● **What to produce**: Leaving pictures aside, restate exactly the lines of the data below, from the first one through the line that contains "اكتشفوا قائمة مأكولات".

Exercise materials below:

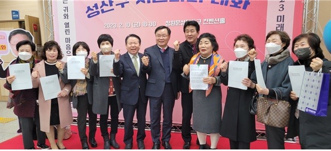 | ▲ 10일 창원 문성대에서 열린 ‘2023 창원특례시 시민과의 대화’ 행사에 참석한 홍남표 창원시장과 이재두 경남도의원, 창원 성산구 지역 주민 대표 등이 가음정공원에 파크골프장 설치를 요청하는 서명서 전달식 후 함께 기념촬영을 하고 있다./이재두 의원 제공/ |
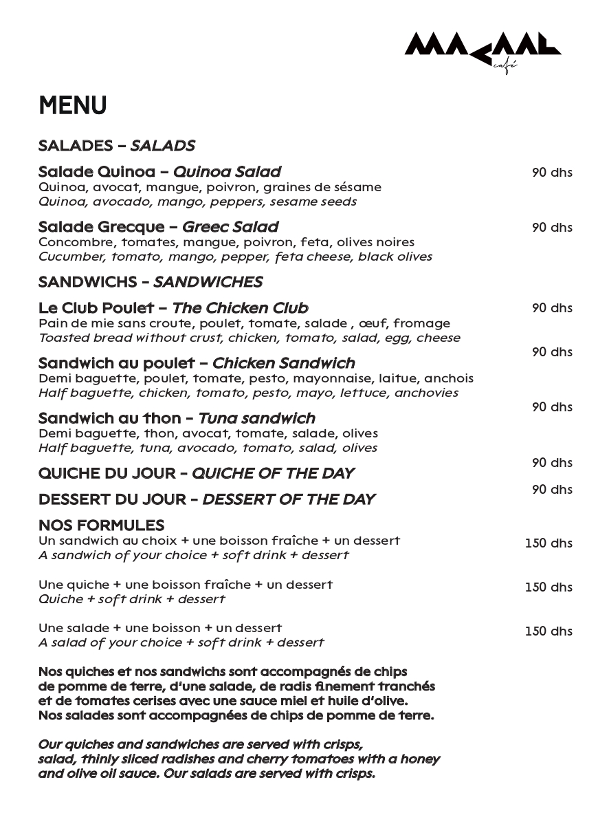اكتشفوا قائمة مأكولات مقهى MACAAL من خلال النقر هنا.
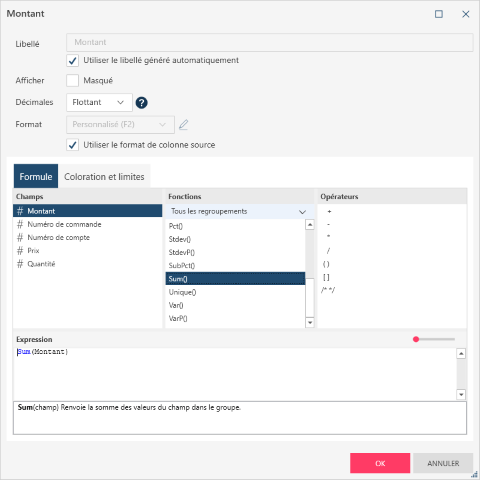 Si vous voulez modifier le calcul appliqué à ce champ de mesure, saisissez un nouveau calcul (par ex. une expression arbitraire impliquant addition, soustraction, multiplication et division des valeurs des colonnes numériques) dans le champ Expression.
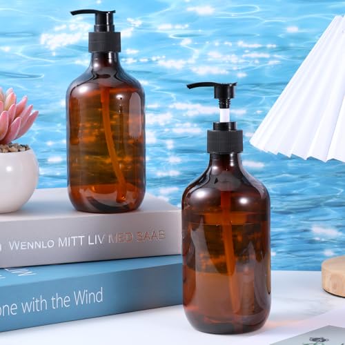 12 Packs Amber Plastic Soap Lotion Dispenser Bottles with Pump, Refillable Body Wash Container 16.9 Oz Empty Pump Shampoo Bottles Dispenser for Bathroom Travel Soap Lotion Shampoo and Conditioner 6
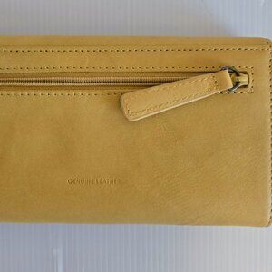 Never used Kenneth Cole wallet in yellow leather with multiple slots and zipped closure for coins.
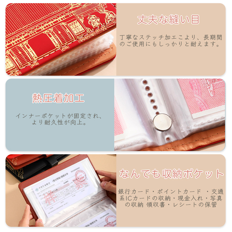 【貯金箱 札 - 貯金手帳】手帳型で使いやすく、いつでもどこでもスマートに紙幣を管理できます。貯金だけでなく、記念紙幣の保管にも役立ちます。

End of Exercise materials.

● **The answer**:
 | ▲ 10일 창원 문성대에서 열린 ‘2023 창원특례시 시민과의 대화’ 행사에 참석한 홍남표 창원시장과 이재두 경남도의원, 창원 성산구 지역 주민 대표 등이 가음정공원에 파크골프장 설치를 요청하는 서명서 전달식 후 함께 기념촬영을 하고 있다./이재두 의원 제공/ |
اكتشفوا قائمة مأكولات مقهى MACAAL من خلال النقر هنا.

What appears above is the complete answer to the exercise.